Dr. Marcello Danucalov é doutor em ciências (psicobiologia); Mestre em farmacologia; Filósofo Clínico Integral e Orientador Filosófico Familiar.
Nos últimos vinte anos tenho atendido inúmeras famílias que buscam orientação filosófica e psicológica para estruturar melhor a relação entre seus membros, e uma das maiores inquietações dos pais é que seus filhos cresçam sem desenvolver um corpo de virtudes que possa auxiliá-los a se tornarem adultos maduros e responsáveis.
Contudo, uma constatação muito comum durante os processos de orientação filosófica familiar é a grande dificuldade que os pais têm em definir os termos virtude e valor, que ora são tidos como sinônimos, o que não são; e ora são erroneamente compreendidos, o que costuma ser ainda mais comum.

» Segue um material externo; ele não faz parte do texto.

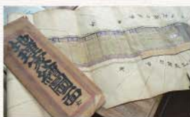
明治34年(推定)に描かれた「大坂屋旅館」の建築図面。

Se educar os nossos filhos é a tarefa mais nobre e desafiadora que exercemos em nossa vida, constatar que somos incapazes de definir termos tão basilares para o cumprimento desta empreitada é, na melhor das hipóteses, algo curioso, e na pior delas, algo devastador.
Essa falha inviabiliza a base do desenvolvimento de uma metodologia educacional sólida, consistente e aplicável na realidade do dia a dia.
Ou seja, sem isso, o processo educacional provavelmente claudicará e estará fadado ao fracasso.
Há muitas definições possíveis para os termos valor e virtude, e uma delas nos foi dada pelo professor Antonio Marchionni em seu elegante livro Ética, a Arte do Bom:
“Os valores são metas valiosas, que a pessoa (ou sociedade) se prefixa como objetivos de vida. As virtudes são ações excelentes, aptas a realizar aquelas metas. O valor diz o que quero alcançar na vida, a virtude diz quais ações praticar no dia a dia para chegar lá.”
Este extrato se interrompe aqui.